From the first line of the entries below through the line bearing "第308期掌柜:感人肺腑 解:使人内心深深感动。 小二:客官,吃点什么。", write out each line exactly. Omit pictures.

§ INPUT DATA
━━━━━━━━━━━━━━━━━━━━
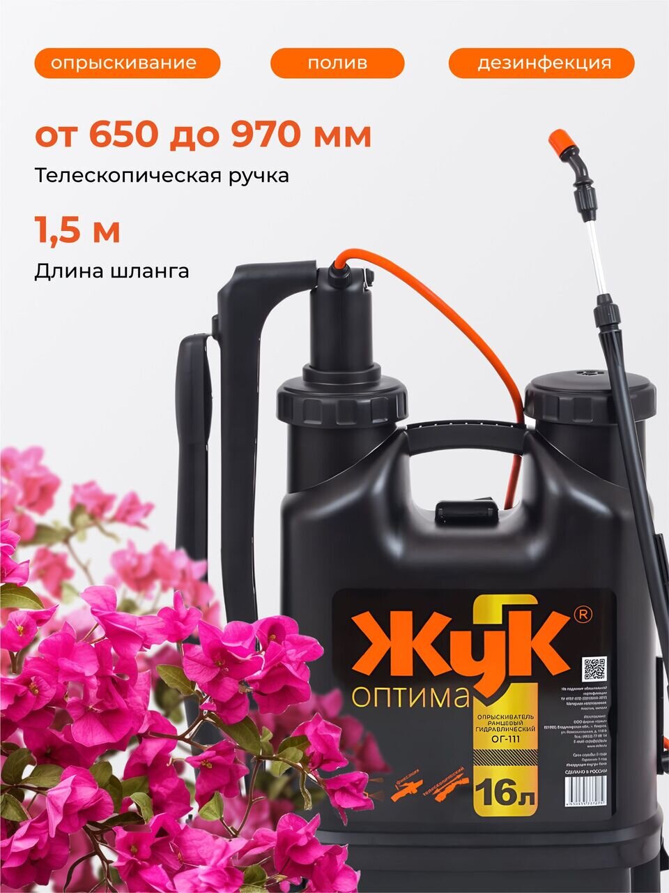 Вы можете приобрести «Опрыскиватель садовый Жук, 16 л, пластик, ранцевый, телескопическая штанга, 650-970 мм, Оптима, ОГ-111 7275-00» и другие товары в нашем интернет-магазине в Брянске по низким ценам и с бесплатным самовывозом.
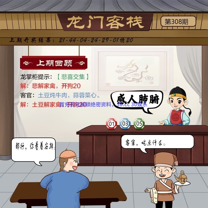 第308期掌柜:感人肺腑 解:使人内心深深感动。 小二:客官,吃点什么。 解:无。 客官:都行,你看着安排。 解:感人肺腑解吉肖的生肖兔、龙、蛇、马、羊、鸡。 推荐九肖:牛猴马狗龙鼠虎羊兔 |
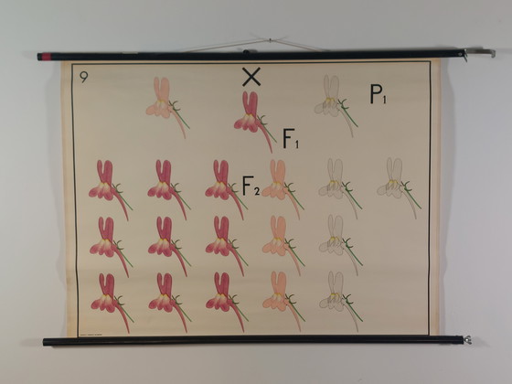 Discover the fascinating world of biology with this exquisite vintage linen roll-up map. Illustrating the genetic diversity and hybridization of plants, this map is a true work of art that will delight both collectors and lovers of stylish interiors.
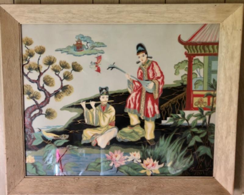 Beautiful Asian Inspired watercolor. Framed artwork by artist Arthur Beaumont. About 20"x 27" inside of frame.
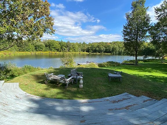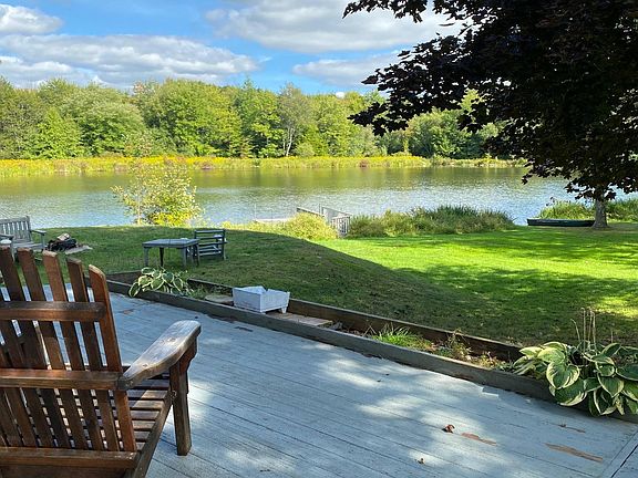 OWN THIS PRIVATE ESTATE featuring 35 Acres and your OWN 5 ACRE LAKE. The home is a Prow Front Chalet with an impressive & dramatic living area with a high cathedral ceiling and a wall of glass overlooking your PRIVATE LAKE. This spacious home features 4 bedrooms, 4 baths with 3 bedroom suites. Updated kitchen with granite counters and Stainless Steel appliances, plus a large breezeway connects to a 2 car garage w/ attic storage above. Relax or entertain on the Huge deck and swim or fish from the dock. Truly a unique property.
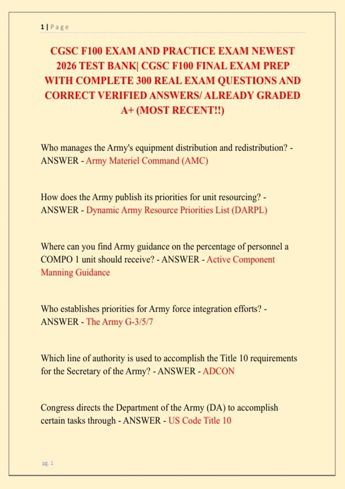 CGSC F100 EXAM AND PRACTICE EXAM NEWEST 2026 TEST BANK| CGSC F100 FINAL EXAM PREP WITH COMPLETE 300 REAL EXAM QUESTIONS AND CORRECT VERIFIED ANSWERS/ ALREADY GRADED A+ (MOST RECENT!!)
━━━━━━━━━━━━━━━━━━━━
§ SOLUTION FOR THIS EXERCISE
 Вы можете приобрести «Опрыскиватель садовый Жук, 16 л, пластик, ранцевый, телескопическая штанга, 650-970 мм, Оптима, ОГ-111 7275-00» и другие товары в нашем интернет-магазине в Брянске по низким ценам и с бесплатным самовывозом.
 第308期掌柜:感人肺腑 解:使人内心深深感动。 小二:客官,吃点什么。 解:无。 客官:都行,你看着安排。 解:感人肺腑解吉肖的生肖兔、龙、蛇、马、羊、鸡。 推荐九肖:牛猴马狗龙鼠虎羊兔 |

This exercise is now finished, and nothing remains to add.